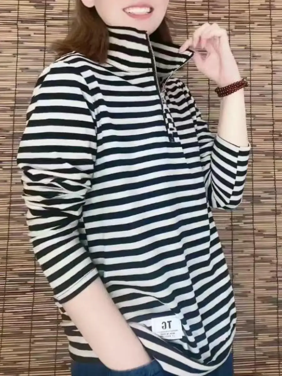 우아하고 심플한 스트라이프 베이스 셔츠 여성 플러스 사이즈 스탠드 칼라 반지퍼 디자인 포켓 손수건 패셔너블 캐주얼 웨어
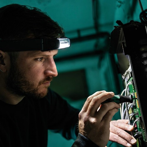 Uppladdningsbar pannlampa som lyser upp hela arbetsområdet. Högeffektiv multi-LED-design med 12 LED-dioder som ger ett jämnt, starkt vitt behagligt ljus både inne och ute. 3 olika ljuslägen mellan 40-400 lumen ger en lystid på upp till 21 timmar. 120°x60° spridningsvinkel. OPTILight-funktion som garanterar optimerat ljus och drifttid med en enkel knapptryckning, ger belysningsstyrka (LUX) som krävs i en typisk arbetssituation. Sensorfunktion, beröringsfri sensorbrytare för på/av. Praktisk att använda även med tjocka handskar. Bekvämt huvudband som enkelt justeras. IP65-klassad och godkänd, damm och vattentät. IK07-klassad, fallsäker från 2 meter. Laddtid 4,5 timmar. Batteriindikator. Levereras med 1,0 m laddkabel USB-A till USB-C.
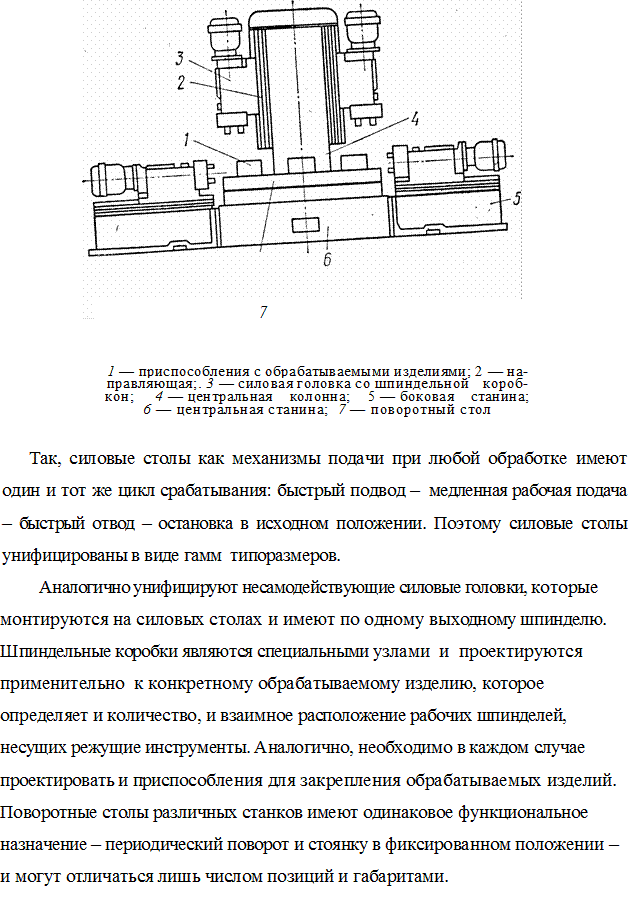 Агрегатные станки компонуются из разнотипных унифицированных механизмов и узлов с минимальным количеством оригинальных конструктивных элементов. Они предназначаются обычно для выполнения сверлильных, расточных операций; нарезания резьбы в отверстиях; фрезерования плоскостей, пазов и выступов. Многопозиционный агрегатный станок-полуавтомат имеет следующие основные функциональные узлы: силовые столы, несамодействующие силовые головки, шпиндельные коробки, поворотный стол с приводом поворота, боковые станины, вертикальные стойки, центральную станину.
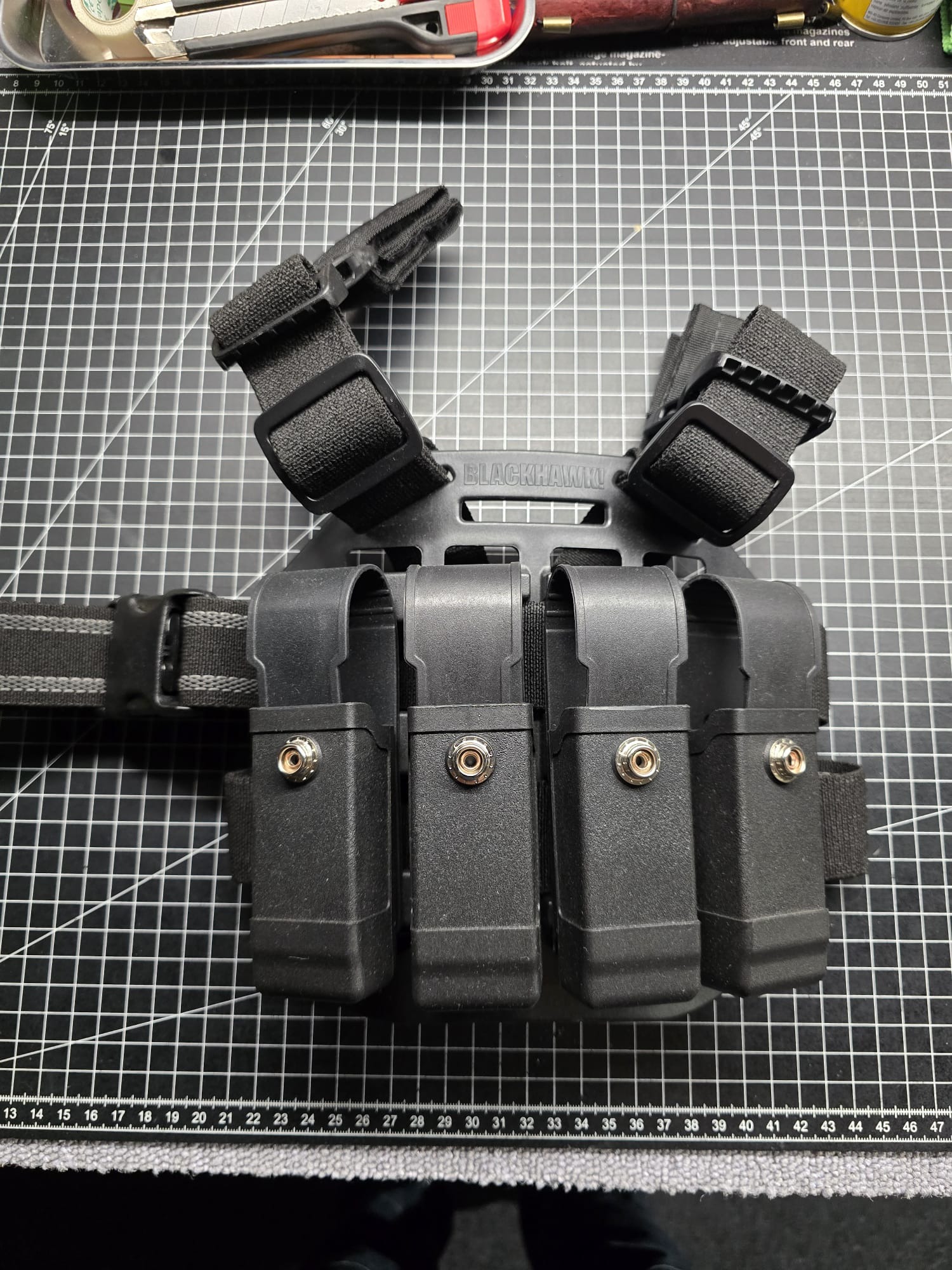 Je vends un porte-cuisse rigide de couleur noire et de marque BLACKHAWK.
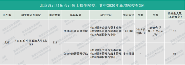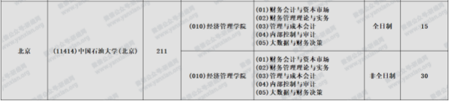 中国石油拼搏(中国)(北京)2021年会计专硕全日制计划招生15人,非全日制计划招生30人
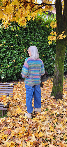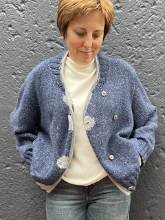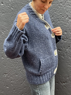 The cardigan is intended for an oversized fit with approx. 15-20 cm 5.9-7.9 inches of positive ease, meaning it is designed to be about 15-20 cm 5.9-7.9 inches larger in circumference than your bust measurement, depending on preference.
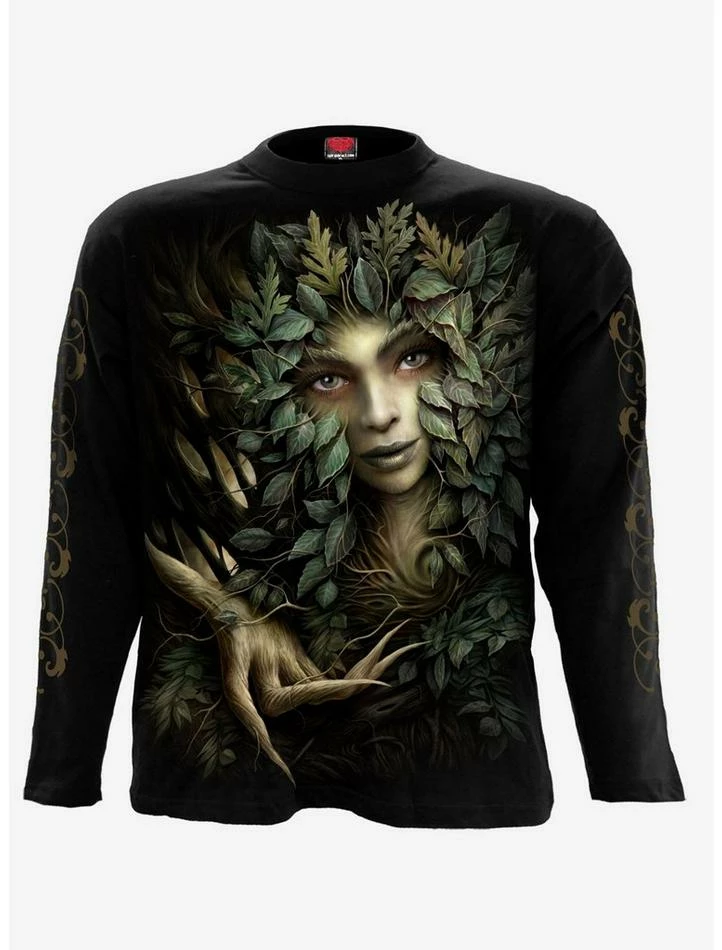 From seed to sapling and into powerful maturity, she is the ruler of all that grows from beneath the precious soil, stretching up towards the heavens. Graceful and Majestic, the sworn protector of the forest reaches out a welcoming hand, an invitation, if you wish to accept it, to nurture the beauty that she will be overseeing until the earth gasps its final breath. This Long-Sleeve T-Shirt is made of top quality cotton jersey using skin friendly, Azo-free, reactive dyes.
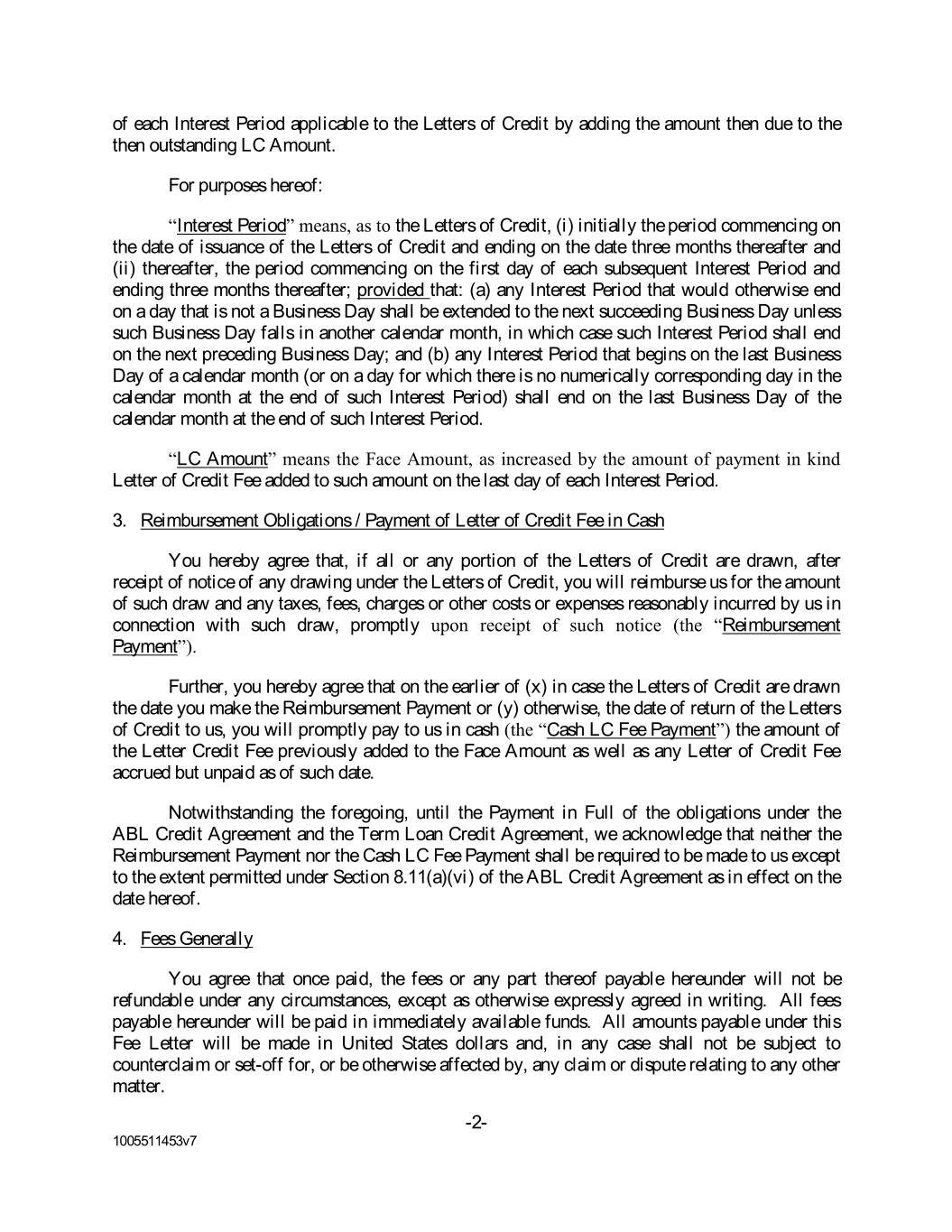 of each Interest Period applicable to the Letters of Credit by adding the amount then due to the then outstanding LC Amount. For purposes hereof: “Interest Period” means, as to the Letters of Credit, (i) initially the period commencing on the date of issuance of the Letters of Credit and ending on the date three months thereafter and (ii) thereafter, the period commencing on the first day of each subsequent Interest Period and ending three months thereafter; provided that: (a) any Interest Period that would otherwise end on a day that is not a Business Day shall be extended to the next succeeding Business Day unless such Business Day falls in another calendar month, in which case such Interest Period shall end on the next preceding Business Day; and (b) any Interest Period that begins on the last Business Day of a calendar month (or on a day for which there is no numerically corresponding day in the calendar month at the end of such Interest Period) shall end on the last Business Day of the calendar month at the end of such Interest Period. “LC Amount” means the Face Amount, as increased by the amount of payment in kind Letter of Credit Fee added to such amount on the last day of each Interest Period. 3. Reimbursement Obligations / Payment of Letter of Credit Fee in Cash You hereby agree that, if all or any portion of the Letters of Credit are drawn, after receipt of notice of any drawing under the Letters of Credit, you will reimburse us for the amount of such draw and any taxes, fees, charges or other costs or expenses reasonably incurred by us in connection with such draw, promptly upon receipt of such notice (the “Reimbursement Payment”). Further, you hereby agree that on the earlier of (x) in case the Letters of Credit are drawn the date you make the Reimbursement Payment or (y) otherwise, the date of return of the Letters of Credit to us, you will promptly pay to us in cash (the “Cash LC Fee Payment”) the amount of the Letter Credit Fee previously added to the Face Amount as well as any Letter of Credit Fee accrued but unpaid as of such date. Notwithstanding the foregoing, until the Payment in Full of the obligations under the ABL Credit Agreement and the Term Loan Credit Agreement, we acknowledge that neither the Reimbursement Payment nor the Cash LC Fee Payment shall be required to be made to us except to the extent permitted under Section 8.11(a)(vi) of the ABL Credit Agreement as in effect on the date hereof. 4. Fees Generally You agree that once paid, the fees or any part thereof payable hereunder will not be refundable under any circumstances, except as otherwise expressly agreed in writing. All fees payable hereunder will be paid in immediately available funds. All amounts payable under this Fee Letter will be made in United States dollars and, in any case shall not be subject to counterclaim or set-off for, or be otherwise affected by, any claim or dispute relating to any other matter. -2- 1005511453v7

────────────────────────────────────────

Leaving out the pictures, repeat all of the entries exactly.

▶ _Solution to this task_:
 우아하고 심플한 스트라이프 베이스 셔츠 여성 플러스 사이즈 스탠드 칼라 반지퍼 디자인 포켓 손수건 패셔너블 캐주얼 웨어
 Uppladdningsbar pannlampa som lyser upp hela arbetsområdet. Högeffektiv multi-LED-design med 12 LED-dioder som ger ett jämnt, starkt vitt behagligt ljus både inne och ute. 3 olika ljuslägen mellan 40-400 lumen ger en lystid på upp till 21 timmar. 120°x60° spridningsvinkel. OPTILight-funktion som garanterar optimerat ljus och drifttid med en enkel knapptryckning, ger belysningsstyrka (LUX) som krävs i en typisk arbetssituation. Sensorfunktion, beröringsfri sensorbrytare för på/av. Praktisk att använda även med tjocka handskar. Bekvämt huvudband som enkelt justeras. IP65-klassad och godkänd, damm och vattentät. IK07-klassad, fallsäker från 2 meter. Laddtid 4,5 timmar. Batteriindikator. Levereras med 1,0 m laddkabel USB-A till USB-C.
 Агрегатные станки компонуются из разнотипных унифицированных механизмов и узлов с минимальным количеством оригинальных конструктивных элементов. Они предназначаются обычно для выполнения сверлильных, расточных операций; нарезания резьбы в отверстиях; фрезерования плоскостей, пазов и выступов. Многопозиционный агрегатный станок-полуавтомат имеет следующие основные функциональные узлы: силовые столы, несамодействующие силовые головки, шпиндельные коробки, поворотный стол с приводом поворота, боковые станины, вертикальные стойки, центральную станину.
 Je vends un porte-cuisse rigide de couleur noire et de marque BLACKHAWK.
 中国石油拼搏(中国)(北京)2021年会计专硕全日制计划招生15人,非全日制计划招生30人
 The cardigan is intended for an oversized fit with approx. 15-20 cm 5.9-7.9 inches of positive ease, meaning it is designed to be about 15-20 cm 5.9-7.9 inches larger in circumference than your bust measurement, depending on preference.
 From seed to sapling and into powerful maturity, she is the ruler of all that grows from beneath the precious soil, stretching up towards the heavens. Graceful and Majestic, the sworn protector of the forest reaches out a welcoming hand, an invitation, if you wish to accept it, to nurture the beauty that she will be overseeing until the earth gasps its final breath. This Long-Sleeve T-Shirt is made of top quality cotton jersey using skin friendly, Azo-free, reactive dyes.
 of each Interest Period applicable to the Letters of Credit by adding the amount then due to the then outstanding LC Amount. For purposes hereof: “Interest Period” means, as to the Letters of Credit, (i) initially the period commencing on the date of issuance of the Letters of Credit and ending on the date three months thereafter and (ii) thereafter, the period commencing on the first day of each subsequent Interest Period and ending three months thereafter; provided that: (a) any Interest Period that would otherwise end on a day that is not a Business Day shall be extended to the next succeeding Business Day unless such Business Day falls in another calendar month, in which case such Interest Period shall end on the next preceding Business Day; and (b) any Interest Period that begins on the last Business Day of a calendar month (or on a day for which there is no numerically corresponding day in the calendar month at the end of such Interest Period) shall end on the last Business Day of the calendar month at the end of such Interest Period. “LC Amount” means the Face Amount, as increased by the amount of payment in kind Letter of Credit Fee added to such amount on the last day of each Interest Period. 3. Reimbursement Obligations / Payment of Letter of Credit Fee in Cash You hereby agree that, if all or any portion of the Letters of Credit are drawn, after receipt of notice of any drawing under the Letters of Credit, you will reimburse us for the amount of such draw and any taxes, fees, charges or other costs or expenses reasonably incurred by us in connection with such draw, promptly upon receipt of such notice (the “Reimbursement Payment”). Further, you hereby agree that on the earlier of (x) in case the Letters of Credit are drawn the date you make the Reimbursement Payment or (y) otherwise, the date of return of the Letters of Credit to us, you will promptly pay to us in cash (the “Cash LC Fee Payment”) the amount of the Letter Credit Fee previously added to the Face Amount as well as any Letter of Credit Fee accrued but unpaid as of such date. Notwithstanding the foregoing, until the Payment in Full of the obligations under the ABL Credit Agreement and the Term Loan Credit Agreement, we acknowledge that neither the Reimbursement Payment nor the Cash LC Fee Payment shall be required to be made to us except to the extent permitted under Section 8.11(a)(vi) of the ABL Credit Agreement as in effect on the date hereof. 4. Fees Generally You agree that once paid, the fees or any part thereof payable hereunder will not be refundable under any circumstances, except as otherwise expressly agreed in writing. All fees payable hereunder will be paid in immediately available funds. All amounts payable under this Fee Letter will be made in United States dollars and, in any case shall not be subject to counterclaim or set-off for, or be otherwise affected by, any claim or dispute relating to any other matter. -2- 1005511453v7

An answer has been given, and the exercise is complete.